BEGIN Material for this exercise

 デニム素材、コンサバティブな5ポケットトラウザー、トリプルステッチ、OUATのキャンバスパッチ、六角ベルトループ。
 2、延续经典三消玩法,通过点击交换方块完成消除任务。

END Material for this exercise
BEGIN Material for this exercise

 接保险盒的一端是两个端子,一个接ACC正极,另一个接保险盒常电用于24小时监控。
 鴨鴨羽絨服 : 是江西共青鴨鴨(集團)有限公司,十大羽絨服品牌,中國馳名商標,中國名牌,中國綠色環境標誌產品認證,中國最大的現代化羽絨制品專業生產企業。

END Material for this exercise
BEGIN Material for this exercise

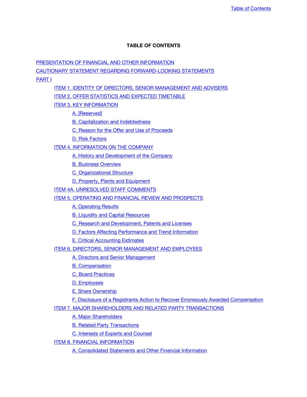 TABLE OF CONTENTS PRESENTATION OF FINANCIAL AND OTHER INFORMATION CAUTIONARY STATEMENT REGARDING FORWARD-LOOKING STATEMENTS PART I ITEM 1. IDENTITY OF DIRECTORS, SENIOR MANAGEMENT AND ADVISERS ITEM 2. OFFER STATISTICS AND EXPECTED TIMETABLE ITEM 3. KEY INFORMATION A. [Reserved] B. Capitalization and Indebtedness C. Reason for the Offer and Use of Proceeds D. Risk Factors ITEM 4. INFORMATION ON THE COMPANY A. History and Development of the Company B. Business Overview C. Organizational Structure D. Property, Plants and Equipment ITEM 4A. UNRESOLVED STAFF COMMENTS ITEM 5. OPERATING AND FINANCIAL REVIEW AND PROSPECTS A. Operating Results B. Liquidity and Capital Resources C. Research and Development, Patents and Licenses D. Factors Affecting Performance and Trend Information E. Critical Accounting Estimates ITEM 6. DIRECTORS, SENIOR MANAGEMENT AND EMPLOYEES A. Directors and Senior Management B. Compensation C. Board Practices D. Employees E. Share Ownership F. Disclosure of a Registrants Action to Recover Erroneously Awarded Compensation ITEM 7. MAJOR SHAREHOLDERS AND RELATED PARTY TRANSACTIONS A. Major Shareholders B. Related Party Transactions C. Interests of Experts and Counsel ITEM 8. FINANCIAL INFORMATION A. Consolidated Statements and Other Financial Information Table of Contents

END Material for this exercise

Your objective —
Retype only the lines above between the line with "デニム素材、コンサバティブな" and the line with "2、延续经典三消玩法,通过点击交换方块完成消除任务。", counting those two lines as well, and keep every character as it is.

Completed task —
 デニム素材、コンサバティブな5ポケットトラウザー、トリプルステッチ、OUATのキャンバスパッチ、六角ベルトループ。
 2、延续经典三消玩法,通过点击交换方块完成消除任务。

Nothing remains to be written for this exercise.